» **DATA BLOCK**:

□ □ □ □ □ □ □

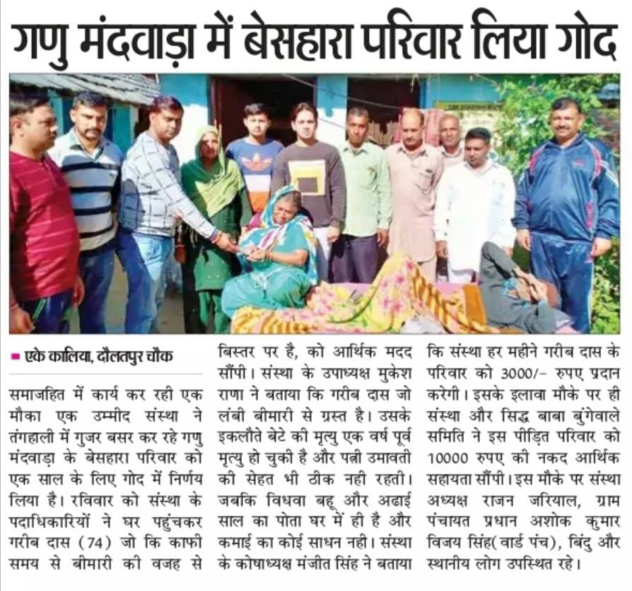 संस्था ने इस परिवार की मदद नवंबर 2018 में एकलौते बेटे की मृत्यु हो जाने के कारण आई आर्थिक मंदी से शुरू की थी। क्योंकि गरीबदास जी पहले से ही बीमार ओर बिस्तर पर थे। कुछ समय वाद उनकी भी मृत्यु हो गई। संस्था इस परिवार के साथ रही। अभी संस्था ने मासिक सहायता के तहत 1000 रु की सहायता की। संस्था के कई बरिष्ठ सदस्यों ने इस परिवार की सहायता के लिए आर्थिक योगदान किया था। गांव के लोगों ने भी योगदान किया था। संस्था, पिछले 7 महीनों से 19500 की सहायता कर चुकी है।
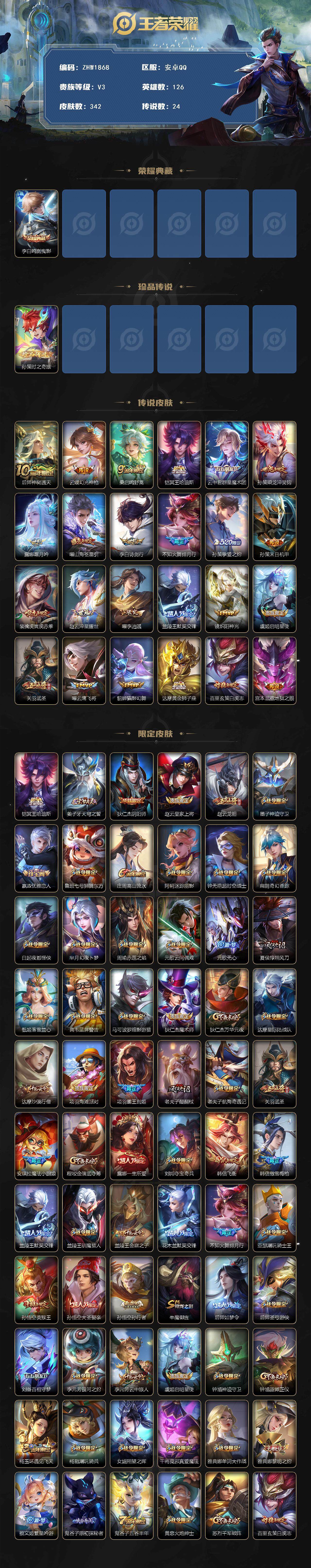 [14389956]可二次【店主推荐捡漏号!可直接换绑/省50孙策/市100裴擒虎】:安卓q-v8-最强王者段位-126英雄-342皮肤-1典藏皮肤-1珍品传说-24传说-117史诗 【英雄全皮】:猪八戒全皮,蒙恬全皮,影全皮 【荣耀典藏】:李白鸣剑曳影 【珍品传说】:孙策时之奇旅 【传说皮肤】:后羿神树通天,云缨幻光神呛,桑启鸣野蒿,铠冥王哈迪斯,云中君群星魔术团,孙策乘龙淬吴钩,露娜霜月吟,曜山海苍雷引,李白诗剑行,不知火舞绯月行,孙策挚爱之约,孙策末日机甲,裴擒虎寅虎赤拳,赵云淬星耀世,曜李 ,兰陵王默契交锋,镜炽阳神光,虞姬启明星使,关羽武圣,曜云鹰飞将,貂蝉猫影幻舞,达摩黄金狮子座,百里玄策白虎志,宫本武藏地狱之眼 【限定皮肤】:铠冥王哈迪斯,姜子牙天穹之誓,狄仁杰阴阳师,赵云皇家上将,赵云龙胆,墨子神迹守卫,嬴政优雅恋人,鲁班七号狮舞东方,庄周高山流水,阿轲迷踪丽影,钟无艳超时空战士,扁鹊奇幻香踪,白起夜都怪侠,芈月幻夜卜梦,周瑜赤莲之焰,元歌云间偶戏,元歌无心,夏侯惇朔风刀,甄姬落雪兰心,典韦蓝屏警告,马可波罗暗影游猎,狄仁杰魔术师,狄仁杰万华元夜,达摩星际陆战队,达摩沙漠行僧,项羽海滩派对,项羽霸王别姬,老夫子醍醐杖,老夫子航海奇遇记,关羽武圣,安琪拉魔法小厨娘,程咬金演武夺筹,露娜一生所爱,刘邦夺宝奇兵,韩信飞衡,韩信傲雪梅呛,兰陵王默契交锋,兰陵王驯魔猎人,兰陵王金庭之子,花木兰默契交锋,不知火舞绯月行,亚瑟潮玩骑士王,孙悟空美猴王,孙悟空大圣娶亲,孙悟空孙行者,牛魔御旌,后羿如梦令,后羿圣弓游侠,刘备百相守梦,李元芳银河之约,李元芳云中旅人,虞姬启明星使,钟馗神迹守卫,钟馗驱傩正仪,杨玉环遇见飞天,杨戬潮玩骑兵,女娲朔望之晖,干将莫邪真爱魔法,雅典娜单词大作战,雅典娜黎明之约,蔡文姬繁星吟游,鬼谷子原初探秘者,鬼谷子五谷丰年,黄忠火炮绅士,苏烈千军破阵,百里玄策白虎志,百里守约朱雀志,弈星混沌棋,梦奇顽趣,沈梦溪星空之诺,沈梦溪大漠名商,明世隐疑决卦,明世隐吟游魔法,裴擒虎天狼狩猎者,裴擒虎李小龙,裴擒虎寅虎赤拳,裴擒虎擒涛扼浪,狂铁电玩高手,米莱狄御霄,米莱狄胡桃异想国,云中君纤云弄巧,伽罗天狼溯光者,盾山御銮,盾山梦圆繁星,孙策挚爱之约,猪八戒西部大镖客,猪八戒猪悟能,上官婉儿梁祝,上官婉儿天狼绘梦者,嫦娥如梦令,嫦娥拒霜思,嫦娥暖冬兔眠,曜李 ,曜
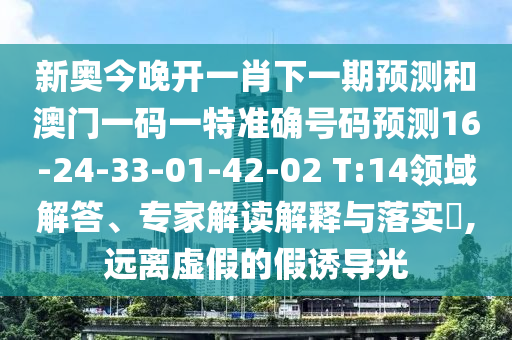 新奧今晚開一肖下一期預(yù)測(cè)和澳門一碼一特準(zhǔn)確號(hào)碼預(yù)測(cè)16-24-33-01-42-02 T:14領(lǐng)域解答、專家解讀解釋與落實(shí)?,遠(yuǎn)離虛假的假誘導(dǎo)光
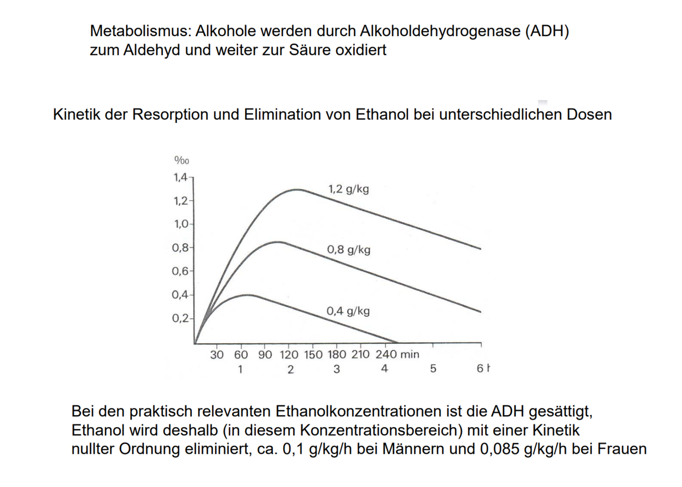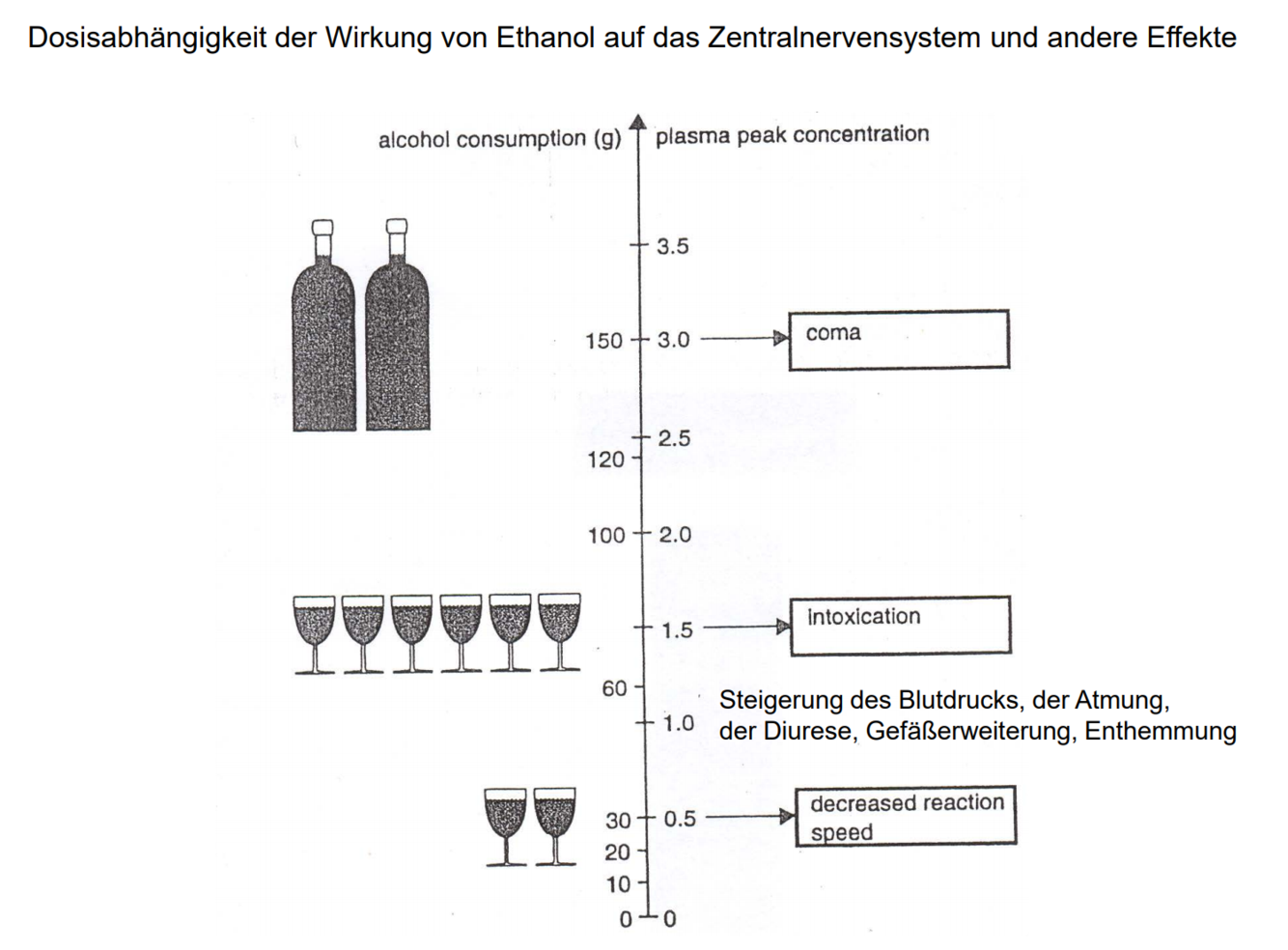 Dosisabhängigkeit der Wirkung von Ethanol auf das Zentralnervensystem und andere Effekte

□ □ □ □ □ □ □

» **TASK DETAILS**:
I'd like the material above repeated exactly, with the pictures omitted.

» **FINAL ANSWER**:
 संस्था ने इस परिवार की मदद नवंबर 2018 में एकलौते बेटे की मृत्यु हो जाने के कारण आई आर्थिक मंदी से शुरू की थी। क्योंकि गरीबदास जी पहले से ही बीमार ओर बिस्तर पर थे। कुछ समय वाद उनकी भी मृत्यु हो गई। संस्था इस परिवार के साथ रही। अभी संस्था ने मासिक सहायता के तहत 1000 रु की सहायता की। संस्था के कई बरिष्ठ सदस्यों ने इस परिवार की सहायता के लिए आर्थिक योगदान किया था। गांव के लोगों ने भी योगदान किया था। संस्था, पिछले 7 महीनों से 19500 की सहायता कर चुकी है।
 [14389956]可二次【店主推荐捡漏号!可直接换绑/省50孙策/市100裴擒虎】:安卓q-v8-最强王者段位-126英雄-342皮肤-1典藏皮肤-1珍品传说-24传说-117史诗 【英雄全皮】:猪八戒全皮,蒙恬全皮,影全皮 【荣耀典藏】:李白鸣剑曳影 【珍品传说】:孙策时之奇旅 【传说皮肤】:后羿神树通天,云缨幻光神呛,桑启鸣野蒿,铠冥王哈迪斯,云中君群星魔术团,孙策乘龙淬吴钩,露娜霜月吟,曜山海苍雷引,李白诗剑行,不知火舞绯月行,孙策挚爱之约,孙策末日机甲,裴擒虎寅虎赤拳,赵云淬星耀世,曜李 ,兰陵王默契交锋,镜炽阳神光,虞姬启明星使,关羽武圣,曜云鹰飞将,貂蝉猫影幻舞,达摩黄金狮子座,百里玄策白虎志,宫本武藏地狱之眼 【限定皮肤】:铠冥王哈迪斯,姜子牙天穹之誓,狄仁杰阴阳师,赵云皇家上将,赵云龙胆,墨子神迹守卫,嬴政优雅恋人,鲁班七号狮舞东方,庄周高山流水,阿轲迷踪丽影,钟无艳超时空战士,扁鹊奇幻香踪,白起夜都怪侠,芈月幻夜卜梦,周瑜赤莲之焰,元歌云间偶戏,元歌无心,夏侯惇朔风刀,甄姬落雪兰心,典韦蓝屏警告,马可波罗暗影游猎,狄仁杰魔术师,狄仁杰万华元夜,达摩星际陆战队,达摩沙漠行僧,项羽海滩派对,项羽霸王别姬,老夫子醍醐杖,老夫子航海奇遇记,关羽武圣,安琪拉魔法小厨娘,程咬金演武夺筹,露娜一生所爱,刘邦夺宝奇兵,韩信飞衡,韩信傲雪梅呛,兰陵王默契交锋,兰陵王驯魔猎人,兰陵王金庭之子,花木兰默契交锋,不知火舞绯月行,亚瑟潮玩骑士王,孙悟空美猴王,孙悟空大圣娶亲,孙悟空孙行者,牛魔御旌,后羿如梦令,后羿圣弓游侠,刘备百相守梦,李元芳银河之约,李元芳云中旅人,虞姬启明星使,钟馗神迹守卫,钟馗驱傩正仪,杨玉环遇见飞天,杨戬潮玩骑兵,女娲朔望之晖,干将莫邪真爱魔法,雅典娜单词大作战,雅典娜黎明之约,蔡文姬繁星吟游,鬼谷子原初探秘者,鬼谷子五谷丰年,黄忠火炮绅士,苏烈千军破阵,百里玄策白虎志,百里守约朱雀志,弈星混沌棋,梦奇顽趣,沈梦溪星空之诺,沈梦溪大漠名商,明世隐疑决卦,明世隐吟游魔法,裴擒虎天狼狩猎者,裴擒虎李小龙,裴擒虎寅虎赤拳,裴擒虎擒涛扼浪,狂铁电玩高手,米莱狄御霄,米莱狄胡桃异想国,云中君纤云弄巧,伽罗天狼溯光者,盾山御銮,盾山梦圆繁星,孙策挚爱之约,猪八戒西部大镖客,猪八戒猪悟能,上官婉儿梁祝,上官婉儿天狼绘梦者,嫦娥如梦令,嫦娥拒霜思,嫦娥暖冬兔眠,曜李 ,曜
 新奧今晚開一肖下一期預(yù)測(cè)和澳門一碼一特準(zhǔn)確號(hào)碼預(yù)測(cè)16-24-33-01-42-02 T:14領(lǐng)域解答、專家解讀解釋與落實(shí)?,遠(yuǎn)離虛假的假誘導(dǎo)光
 Dosisabhängigkeit der Wirkung von Ethanol auf das Zentralnervensystem und andere Effekte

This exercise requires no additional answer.